**GOAL OF THE EXERCISE:**
Exact copy, pictures excluded: the lines from the one containing "Деман – Борре, Дукш" to the end of the listing.

**GIVEN INFORMATION:**
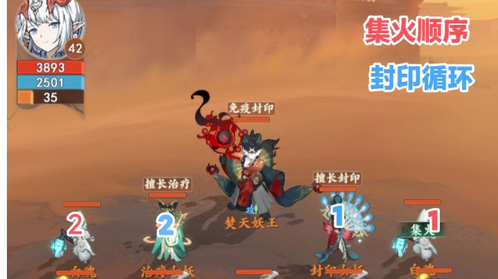 #封神幻想世界创作者计划 #封神幻想世界攻略 今天开服第三天,今天会来妖王四星,不少小伙伴都倒在这里,这一期也简单说一下我们的心得。【队伍阵容】双奶、物理、封印、法术击杀分配:双奶减少队伍压力,不用多说,拉人,奶就完事,双奶压力没那么大封印:封印起手封印女妖,后面就是中排四只轮流封印,注意一个点就是休息的时候免疫封印!物理输出这边去把中间猴子击杀掉,安排群攻和一只宠物守尸即可,注意一下出
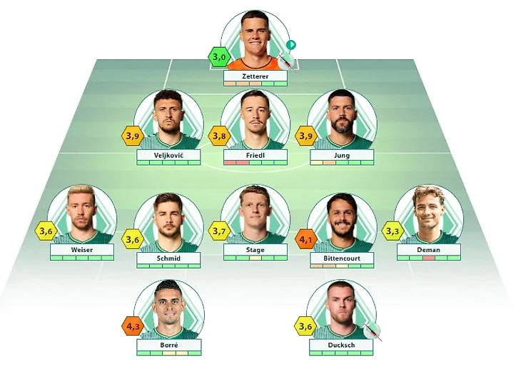 «Вердер»: Цеттерер – Велькович, Фридль (c), Юнг – Вайзер Шмид, Стаге, Виттенкурт, Деман – Борре, Дукш
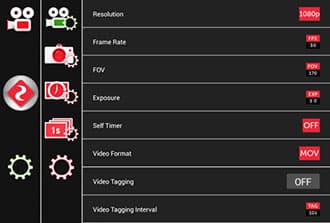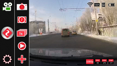Во время просмотра потокового видео на экране смартфона или планшета пользователь может вызвать панель настроек или режимов работы камеры. На экране отображается полная информация о текущем состоянии камеры — режиме работы, запасе батареи, уровне Wi-Fi и т.д. Потоковое видео при этом имеет невысокое разрешение, что снижает нагрузку на радиоканал.
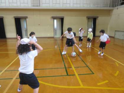 そのあと,体育館で転がしドッジをしました。逃げるのも転がすのも上手になってきました!

**OUTPUT OF THE EXERCISE:**
 «Вердер»: Цеттерер – Велькович, Фридль (c), Юнг – Вайзер Шмид, Стаге, Виттенкурт, Деман – Борре, Дукш
Во время просмотра потокового видео на экране смартфона или планшета пользователь может вызвать панель настроек или режимов работы камеры. На экране отображается полная информация о текущем состоянии камеры — режиме работы, запасе батареи, уровне Wi-Fi и т.д. Потоковое видео при этом имеет невысокое разрешение, что снижает нагрузку на радиоканал.
 そのあと,体育館で転がしドッジをしました。逃げるのも転がすのも上手になってきました!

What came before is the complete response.